1. A therapeutic composition comprising a ligand and a cytotoxin, wherein the cytotoxin is a siRNA construct.

2. The composition of claim 1 , wherein the ligand comprises a monoclonal antibody, antibody mimics, antibody fragment, a centyrin, a cytokine, a growth factor, nucleic acid, nanoparticle, polymer, protein, aptamer, lipid, small molecule, radionucleotide, peptide, or a peptide fragment.

3. The composition of claim 2, wherein the ligand comprises Dextran cage, nanotube, quantum dot, magnetic nanoparticles, HPMA-s-APMA, PNIPAAm, PEG, Penatratin, Transportan, Tat, Anandamine, DAC, EPA, PC-DCA, a-tocopherol, cholesterol, GalNac, Lac, M6P, DUPA, Folate, CpG1668, LGRH peptide, cRGD, Tat-AHNP, Octreotide, IGF1 mimetic peptide, IL2, anti-CD22 dsFv, anti-CD25 scFv, GMCSF, Anti-CD-25 mAb, Anti-CD3 biFv, Anti-CD22 Fab, Anti-CD30 mAb, Anti-CD33 mAb, Variant IL3, Mesolthelin, cholesterol, EpCAM, EGFRvlll, EGFR, ErbB2, IL13R, IL4R, or TfR.

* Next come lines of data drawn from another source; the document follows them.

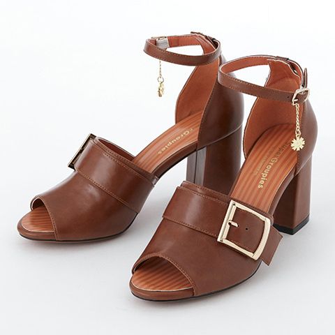 秋組をイメージしたブラウンのストラップサンダル。ゴールドのスクエア型バックルが全体の印象を引き締めてくれます。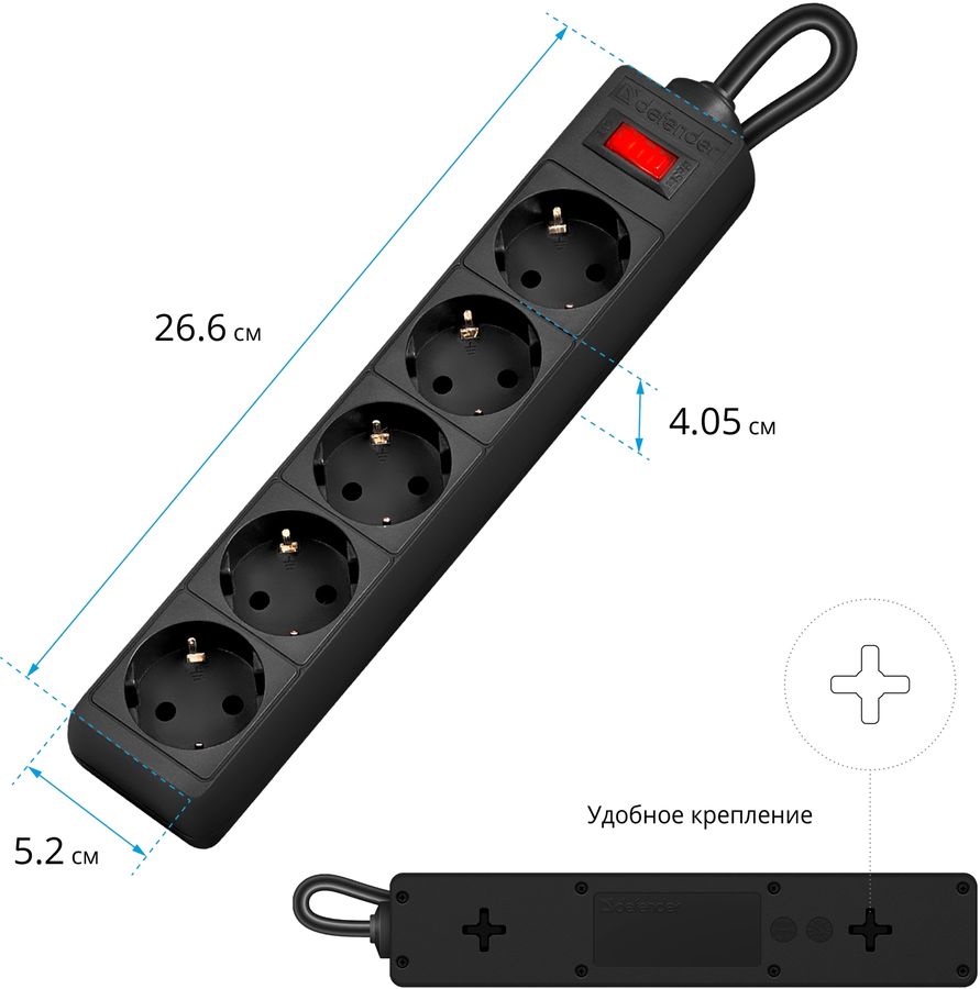 Сетевой фильтр Defender ES 3м (5 розеток) черный (коробка)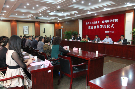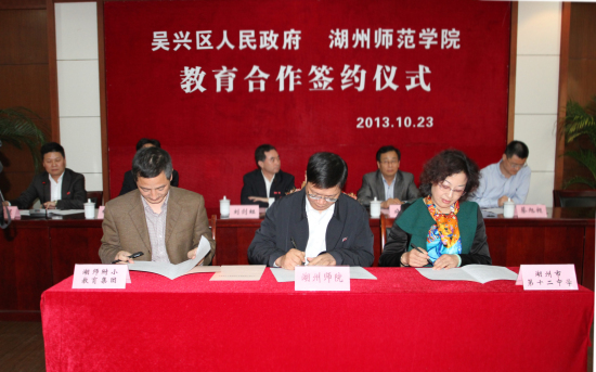 2010年4月,我校與吳興區(qū)人民政府簽訂政、產(chǎn)、學、研全面合作協(xié)議。今年10月14日,我校附屬第一醫(yī)院與區(qū)人民醫(yī)院、環(huán)渚社區(qū)衛(wèi)生服務中心組成全市首個醫(yī)療聯(lián)合體。這次簽訂《吳興區(qū)人民政府與湖州師范學院教育合作協(xié)議》是雙方推進全面深入合作的又一重要步驟。雙方協(xié)議共同舉辦湖州師范學院附屬初級中學和附屬小學,合作開展教育行政管理人員和骨干教師專項培訓,合作開展基礎教育研究和教育教學基地建設,并且建立人員互聘機制和歸口協(xié)調(diào)機制等。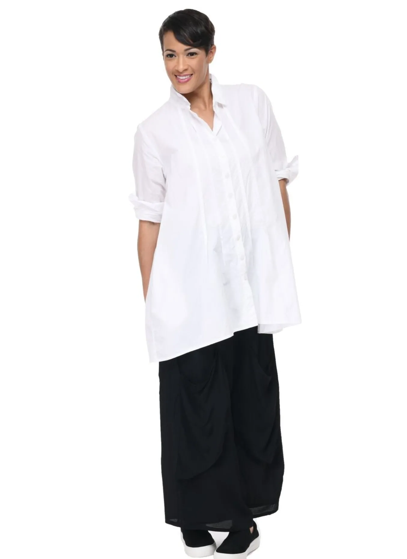 The Latte, Saunter Into Summer With The Latte Shirt By Tulip. Featuring The Classic Details Of Your Favorite White Cotton Blouse With A Pointed Collar, Full Button Front And Button Cuff Sleeves. She Delivers A Figure Flattering Shirt With A Flattering Swing To The Hemline, Hidden Side Pockets And Pleated Detailing In The Front And Below The Shoulder In Back.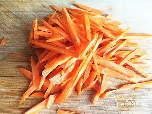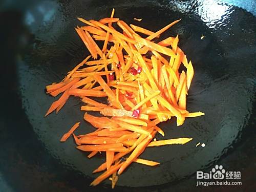 上炒菜锅,倒入适量的植物油烧热,放入切好的胡萝卜条翻炒1分钟。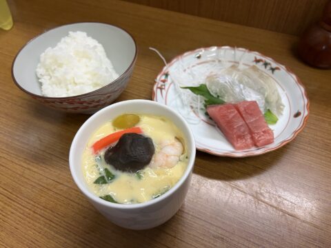 さらに茶碗蒸しを注文し、朝から昔の宴会料理みたいになっていました。
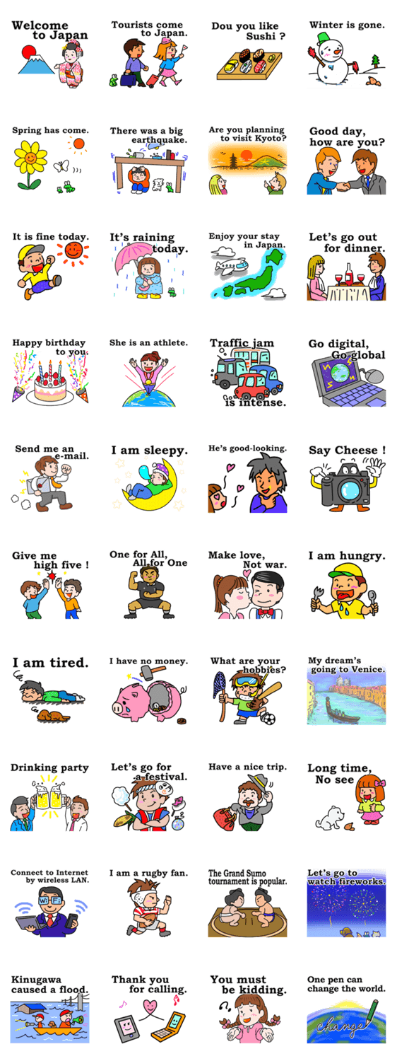 観光立国の 旗印の下、 英会話の機会が増えるものと 予想されます。本スタンプは、基礎的な40の文例を用意しました。生きた英語を学び、会話力を強化しましょう。

4. A therapeutic composition comprising a ligand that specifically binds at least one target protein and a cytotoxin that is processed by cellular RNAi machinery to produce one or more siRNAs wherein at least one of said siRNAs specifically inhibits the expression of one or more different genes.

5. The composition of claim 4, wherein at least one of said siRNAs inhibits the expression of UBB and UBC.

6. A therapeutic construct comprising a ligand that specifically binds at least one target protein and a cytotoxin that is processed by cellular RNAi machinery to produce one or more siRNAs wherein at least one of said siRNAs specifically inhibits the expression of two or more different genes.

7. The construct according to claim 6 wherein the different genes comprise UBB and also UBC.

8. The construct according to any of claims 6 or 7 wherein the construct comprises the siRNA sequence SEQ ID NO: 36, SEQ ID NO: 38, SEQ ID NO: 40, SEQ ID NO: 42, SEQ ID NO: 60, SEQ ID NO: 61 , SEQ ID NO: 70, SEQ ID NO: 71 or SEQ ID NO: 72.

9. A composition or construct according to claim 1 wherein the ligand demonstrates cancer cell tropism.

10. A therapeutic composition comprising a ligand and a cytotoxin, wherein the cytotoxin is a UBB/UBC inhibitor.

11. The composition of claim 10 wherein the UBB/UBC inhibitor is selected from the group consisting of siRNA, mRNA, small molecule, antibody, aptamer, and antisense oligonucleotide.

12. The composition of claim 11 wherein the UBB/UBC inhibitor is siRNA.

13. The composition of claim 12 wherein the UBB/UBC inhibitor comprises a siRNA sequence selected from the group consisting of SEQ ID NO: 36, SEQ ID NO: 38, SEQ ID NO: 40, SEQ ID NO: 42, SEQ ID NO: 60, SEQ ID NO: 61 , SEQ ID NO: 70, SEQ ID NO: 71 and SEQ ID NO: 72.

14. The composition of claim 13 wherein the ligand is conjugated to the UBB/UBC inhibitor and wherein the ligand specifically binds a cell surface protein expressed by a tumor.

15. The composition or construct according to claim 1 wherein the ligand binds to ERBB2, ERBB3, FOLH1 , CD44, EPCAM, FOLH1 , PSCA, PDCD1 , TACSTD2, NT5E, PDCD1 , CTLA4, LAG3 or HAVCR2.

16. A method for treating cancer comprising administering a cytotoxin comprising an siRNA.

17. The method of claim 16 wherein the cytotoxin inhibits the expression of UBB and UBC.

18. A method for treating cancer comprising administering a cytotoxin comprising a dual, single molecule UBB/UBC inhibitor.